Here, $\operatorname{adj}$ denotes the adjugate matrix, $\Tr$ represents the trace, and $\mathrm{d}A$ refers to the matrix differential.

Proof

For simplicity, denote $A = A(t)$, and let $A = [A_{ij}]$. The Laplace expansion of a matrix is as follows:

$$ \det A = \sum\limits_{j} A_{ij} [\operatorname{adj}A]_{ji} \qquad \text{for fixed }i $$

Consider the determinant as a multivariable function $\det(A) = F(A_{11}, A_{12}, \dots, A_{nn})$ with $n^{2}$ variables, then its total differential is:

$$ \mathrm{d} (\det A) = \sum_{i,j} \dfrac{\partial F}{\partial A_{ij}}\mathrm{d}A_{ij} $$

Upon calculating the partial derivatives, we find:

$$ \begin{align*} \dfrac{\partial F}{\partial A_{ij}} &= \dfrac{\partial }{\partial A_{ij}}\left( \sum\limits_{k} A_{ik} [\operatorname{adj}A]_{ki}\right) \\ &= \sum\limits_{k} \left( \dfrac{\partial A_{ik}}{\partial A_{ij}} [\operatorname{adj}A]_{ki} + A_{ik}\dfrac{\partial }{\partial A_{ij}}[\operatorname{adj}A]_{ki} \right) \\ &= \sum\limits_{k} \dfrac{\partial A_{ik}}{\partial A_{ij}} [\operatorname{adj}A]_{ki} + \sum\limits_{k}A_{ik}\dfrac{\partial }{\partial A_{ij}}[\operatorname{adj}A]_{ki} \\ &= [\operatorname{adj}A]_{ji} + \sum\limits_{k}A_{ik}\dfrac{\partial }{\partial A_{ij}}[\operatorname{adj}A]_{ki} \\ \end{align*} $$

However, considering the definition of the cofactor, for all $k$, $[\operatorname{adj}A]_{ki}$ does not include $A_{ij}$, hence the partial derivative with respect to $A_{ij}$ is $0$.
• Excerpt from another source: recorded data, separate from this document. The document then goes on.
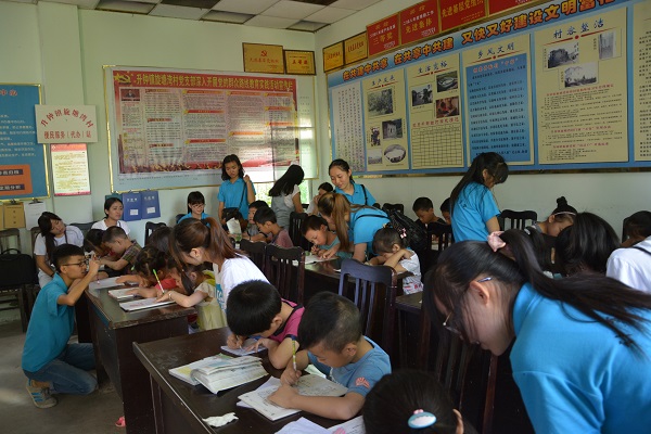 具体的社会实践中,队伍根据采用多种活动结合形式,调研,看望空巢老人,辅导升钟镇周边小孩做作业,在上课之余,又不乏活动,唱歌,折纸,玩游戏等穿插在课堂中,让孩子们劳逸结合。我们活动的顺利开展也得益于当地村民的支持,开始辅导小孩子时,还担心来得少,结果却在意料之外,孩子越来越多,“教室”显然已容纳不下。
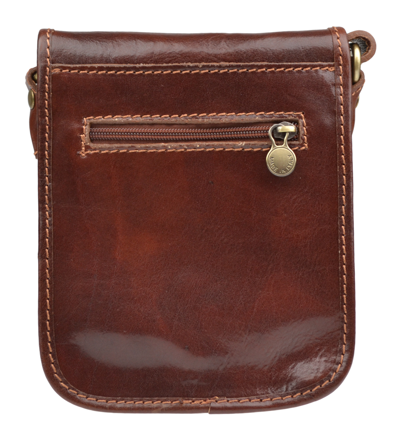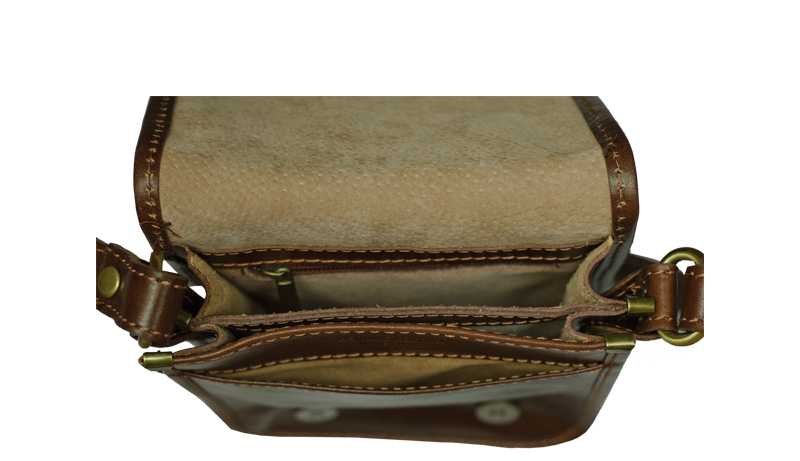 Praktická kožená unisex taška přes rameno. Vnitřek kabelky je rozdělen na tři přihrádky a kapsu na zip. Kabelka se uzavírá klopou pomocí dvou magnetických patentek.
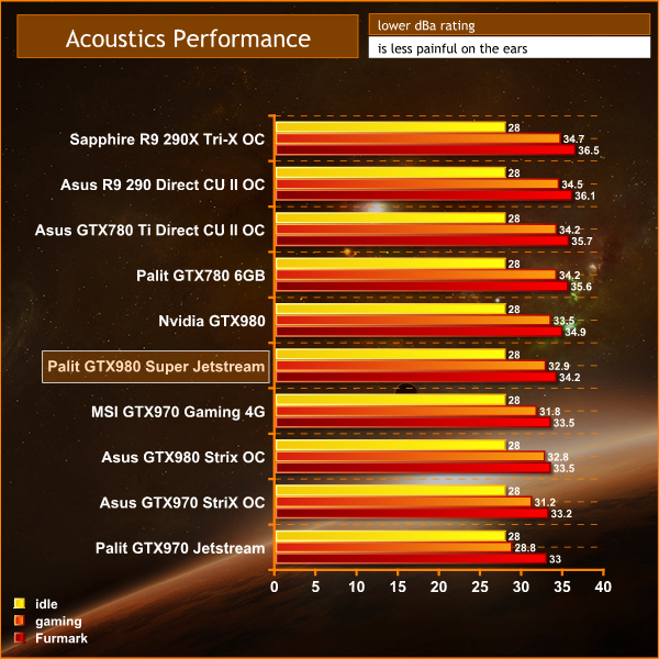 All of the GTX980 cards are quiet, and the Palit GTX980 Super JetStream is no different. Under gaming load you would be hard pressed to even hear the fans running, unless you had the case door open and no other fans in the build.
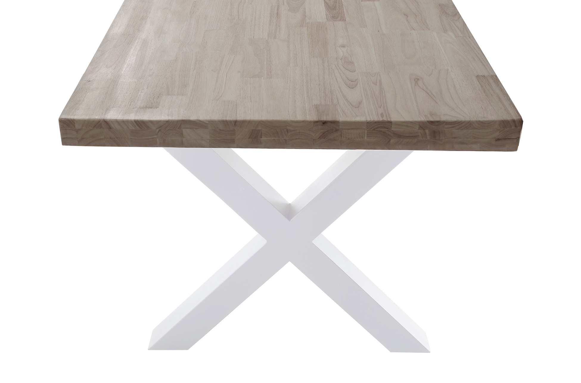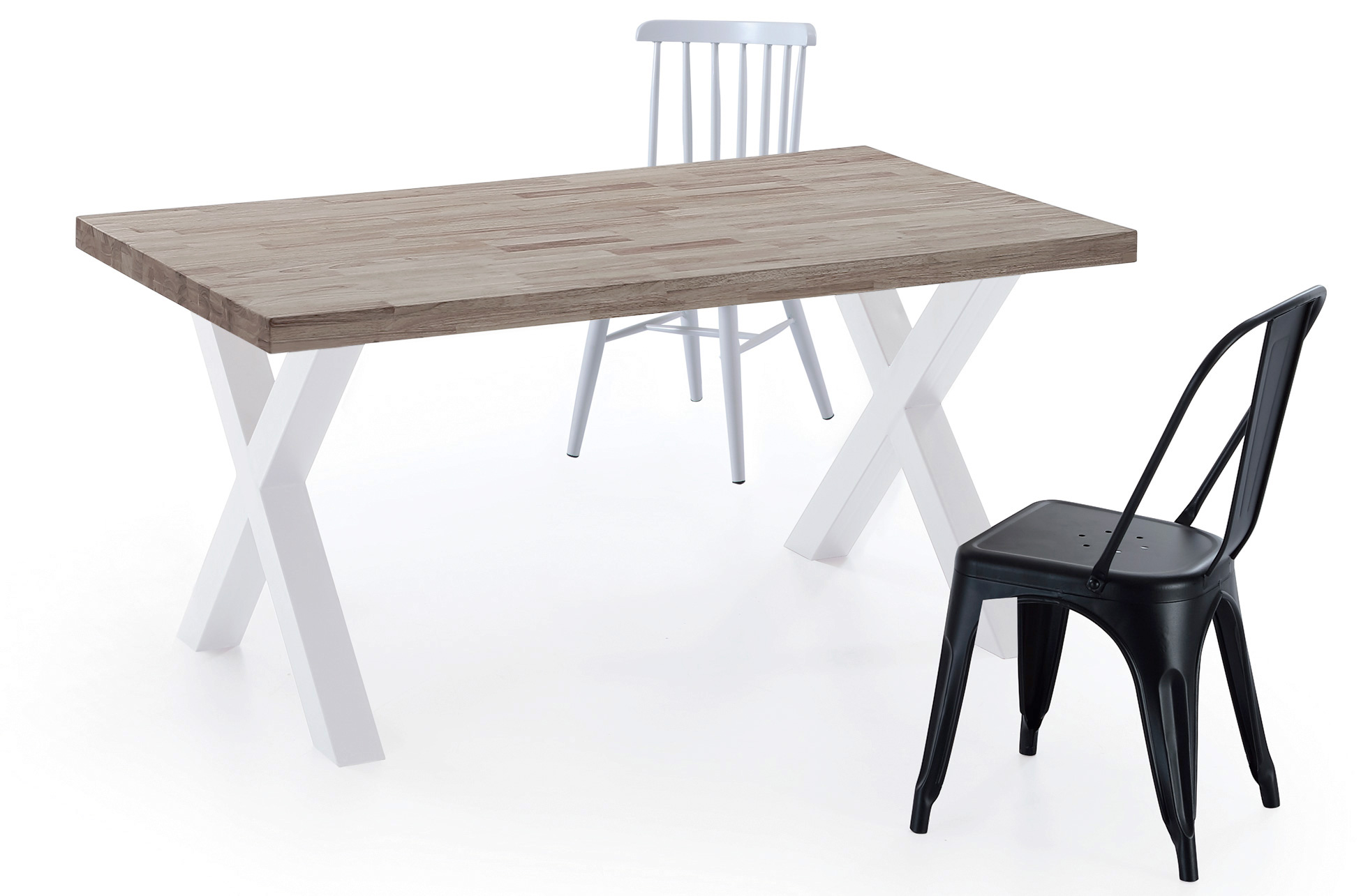 Mesa comedor fija modelo X-Loft 160. Tapa madera color roble american 54 mm grosor. Patas metálicas color blanco. Medidas 160 x 90 x 76 cm.
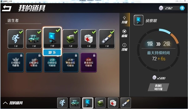 目前到达白银段位可以解锁“跳高”、“生命上限”和“雷达”三张道具卡,黄金段位可以解锁“巡逻犬”和“阻挡箱”两张道具卡。
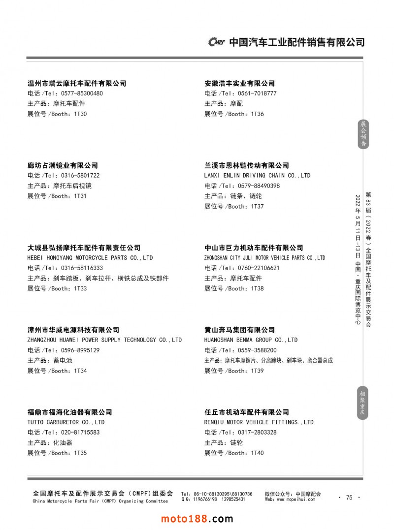 內(nèi)75 第82屆(2021秋)全國摩托車及配件展示交易會(huì)-廣州站參展企業(yè)信息
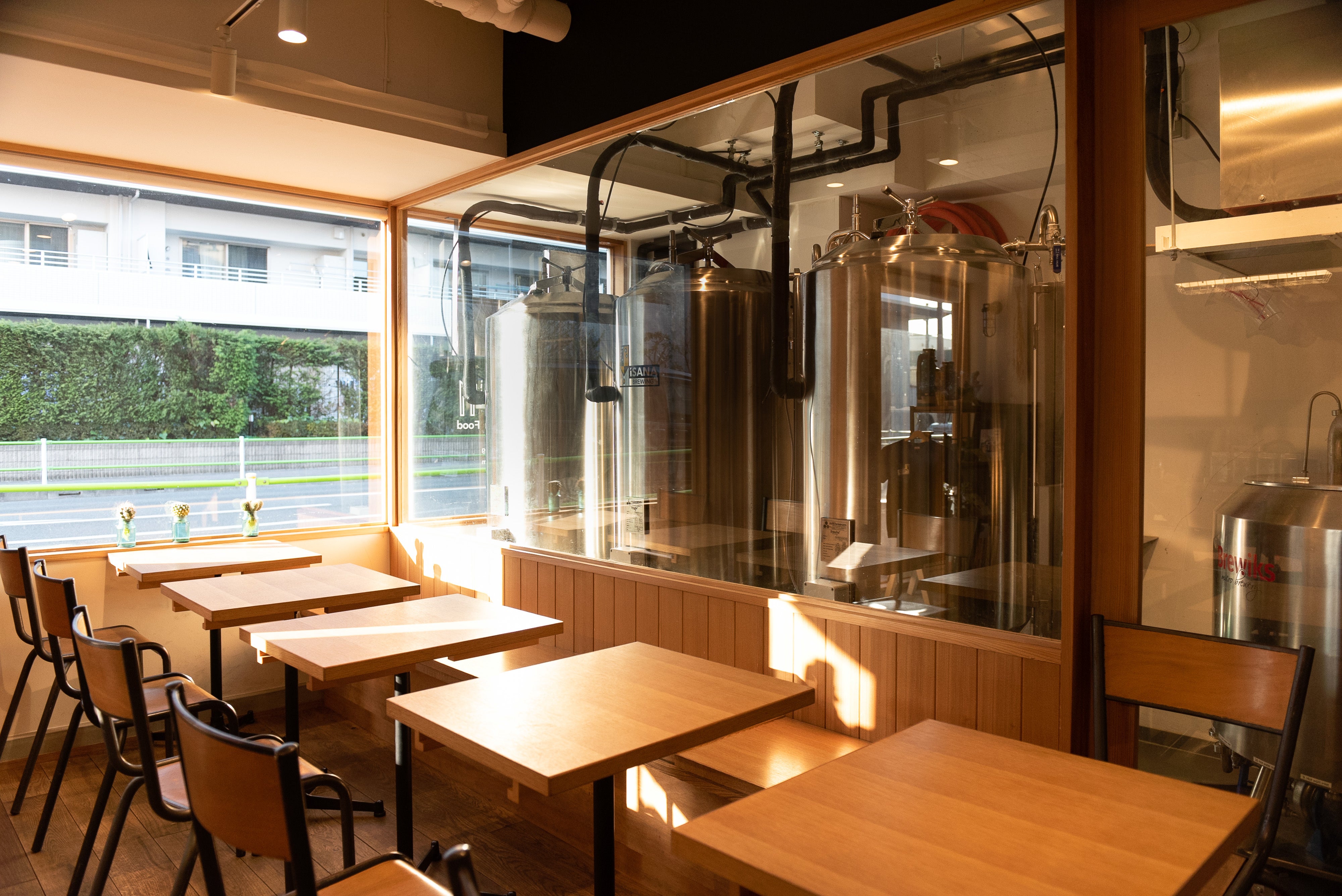 客席とブルワリーの仕切りは設計士さんに無理を言って設置した一枚ガラスを!
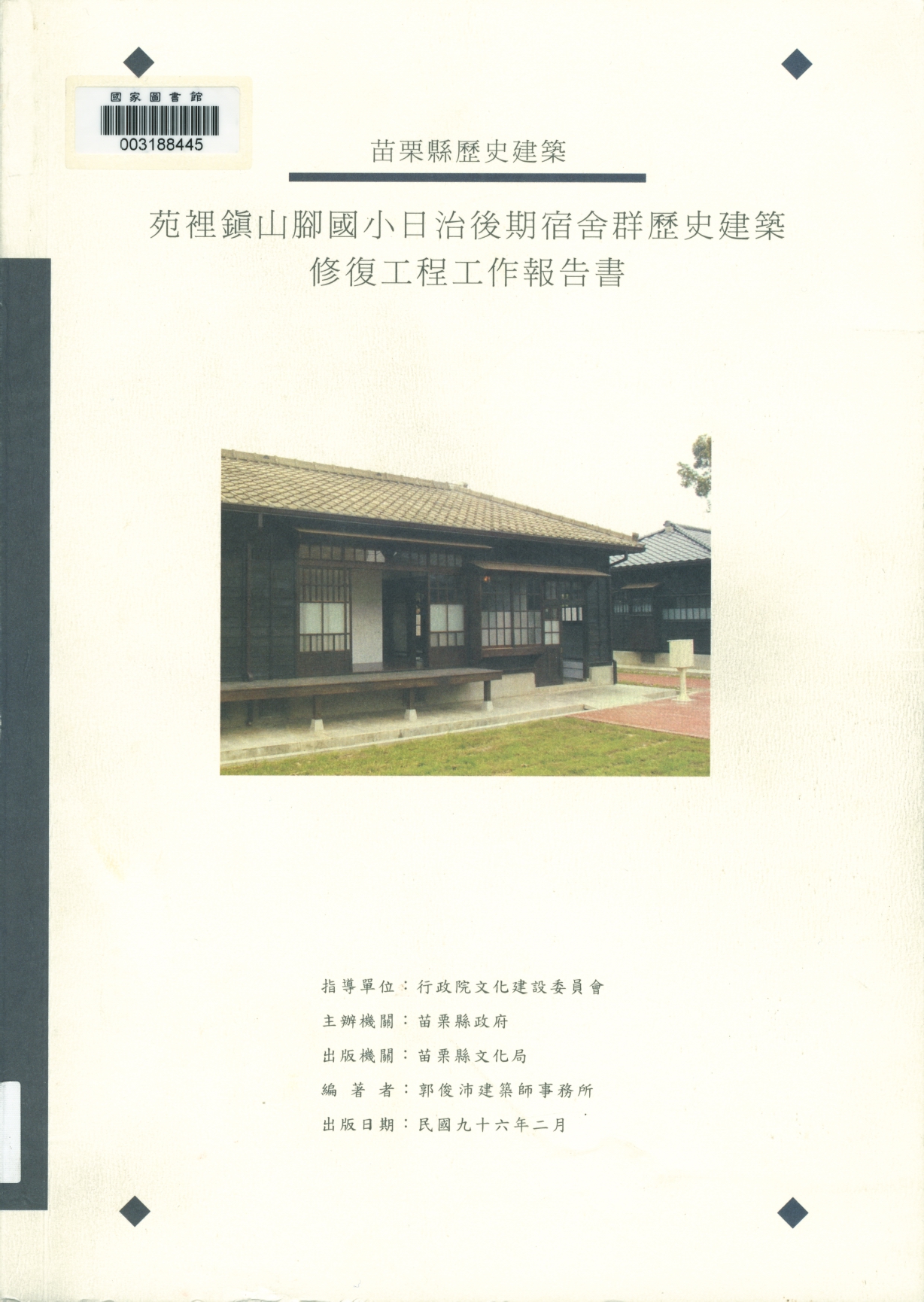 出自:苗栗縣歷史建築:苑裡鎮山腳國小日治後期宿舍群歷史建築修復工程工作報告書

$$ \dfrac{\partial F}{\partial A_{ij}} = [\operatorname{adj}A]_{ji} \tag{1} $$

Thus, we obtain:

$$ \begin{align*} \mathrm{d}(\det A) &= \sum\limits_{i,j} [\operatorname{adj}A]_{ji} \mathrm{d}A_{ij} \\ &= \sum\limits_{i} \sum\limits_{j} [\operatorname{adj}A]_{ji} \mathrm{d}A_{ij} \\ &= \sum\limits_{j} [(\operatorname{adj}A) \mathrm{d}A]_{jj} \\ &= \Tr \Big( (\operatorname{adj}A) \mathrm{d}A \Big) \end{align*} $$

The third equality holds due to the matrix product representation, and the fourth equality is due to the definition of the trace. $\mathrm{d}A$ is the matrix differential.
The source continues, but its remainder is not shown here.